[Given information]
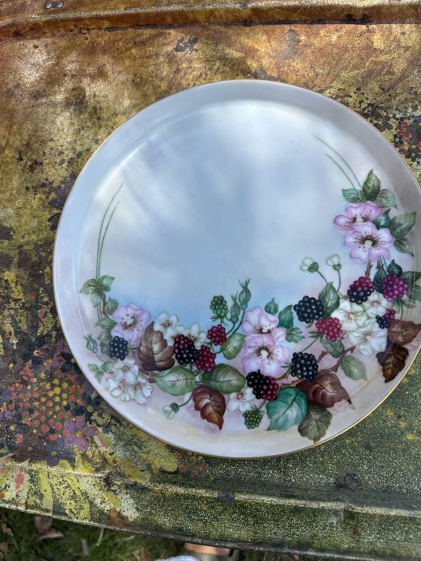 This is a hand-painted porcelain decorative plate with a floral and berry design.
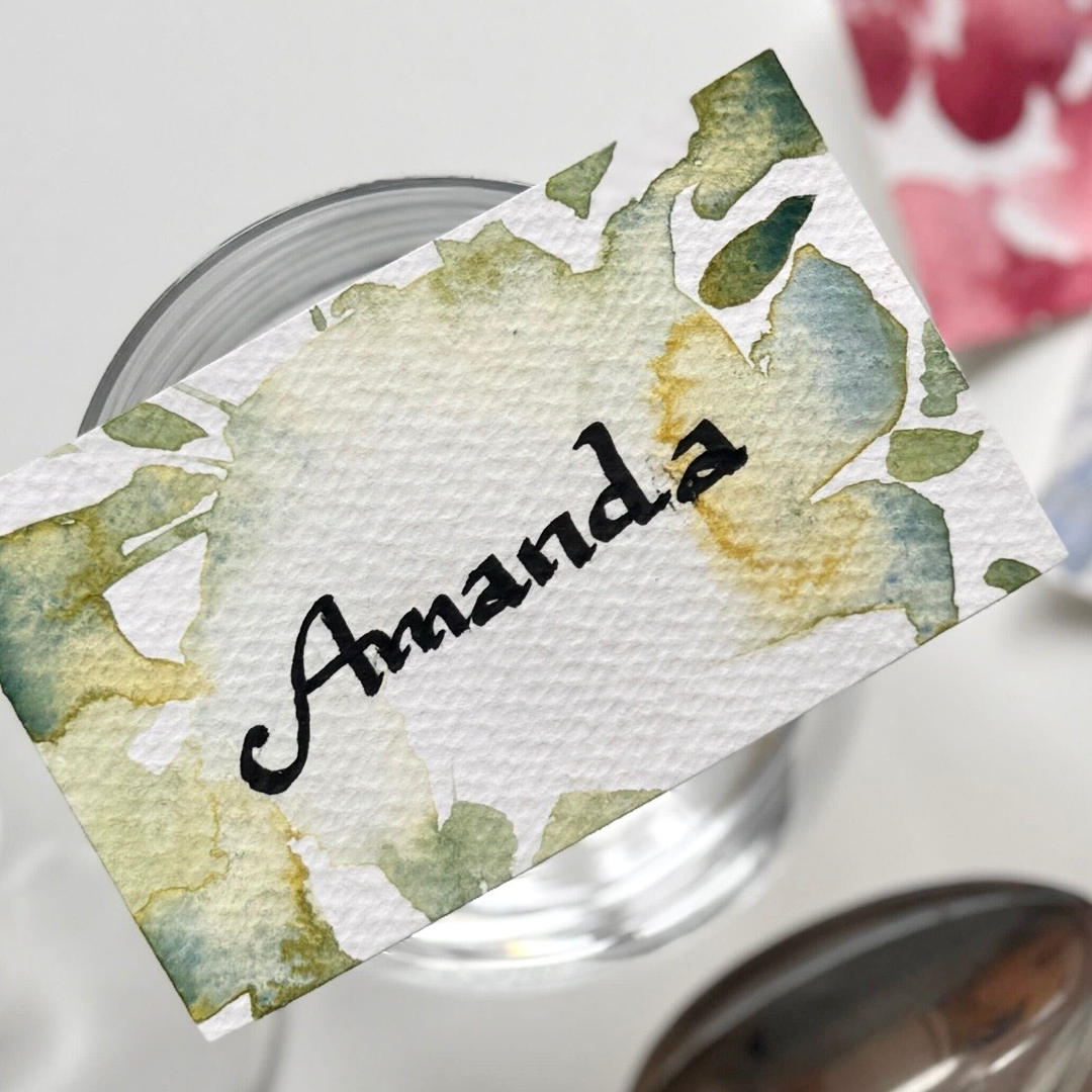 Here, we let watercolour create soft, beautiful patterns that add a marble-like, elegant touch to the table setting. What makes watercolour so special is how it moves freely across the paper, forming unexpected and unique contrasts all on its own as the pigment is allowed to flow. This very quality makes it easy even for beginners to achieve lovely effects, without needing to master any specific techniques. The watercolour style is perfect for handmade place cards for weddings, thanks to its light and romantic expression.
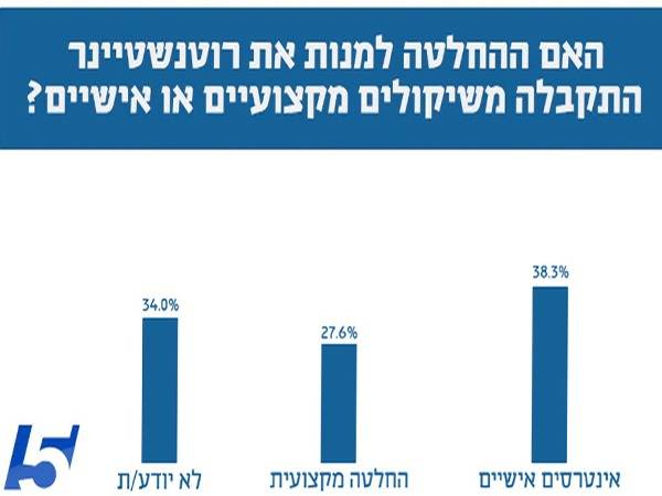 בנוסף, 38.3 אחוזים מהנשאלים סבורים כי החלטת ההתאחדות לכדורגל, על מינוי ווילי רוטנשטיינר כמאמן למשימה הכי חשובה של הנבחרת ב-20 השנים האחרונות, התקבלה מתוך אינטרסים אישיים וסגירת חשבונות. 27.6% טוענים שמדובר בהחלטה מקצועית לחלוטין, ו-34.0 פשוט לא יודעים.
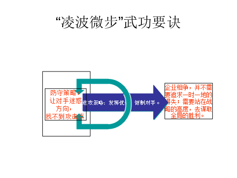企業(yè)相爭(zhēng),并不需要追求一時(shí)一地的得失;需要站在戰(zhàn)略的高度,去謀取全局的勝利。這就是“凌波微步”之招所追求的效果。

[Exercise aim]
The output is to be the material in full and unaltered, with pictures omitted.

[Task result]
 This is a hand-painted porcelain decorative plate with a floral and berry design.
 Here, we let watercolour create soft, beautiful patterns that add a marble-like, elegant touch to the table setting. What makes watercolour so special is how it moves freely across the paper, forming unexpected and unique contrasts all on its own as the pigment is allowed to flow. This very quality makes it easy even for beginners to achieve lovely effects, without needing to master any specific techniques. The watercolour style is perfect for handmade place cards for weddings, thanks to its light and romantic expression.
 בנוסף, 38.3 אחוזים מהנשאלים סבורים כי החלטת ההתאחדות לכדורגל, על מינוי ווילי רוטנשטיינר כמאמן למשימה הכי חשובה של הנבחרת ב-20 השנים האחרונות, התקבלה מתוך אינטרסים אישיים וסגירת חשבונות. 27.6% טוענים שמדובר בהחלטה מקצועית לחלוטין, ו-34.0 פשוט לא יודעים.
企業(yè)相爭(zhēng),并不需要追求一時(shí)一地的得失;需要站在戰(zhàn)略的高度,去謀取全局的勝利。這就是“凌波微步”之招所追求的效果。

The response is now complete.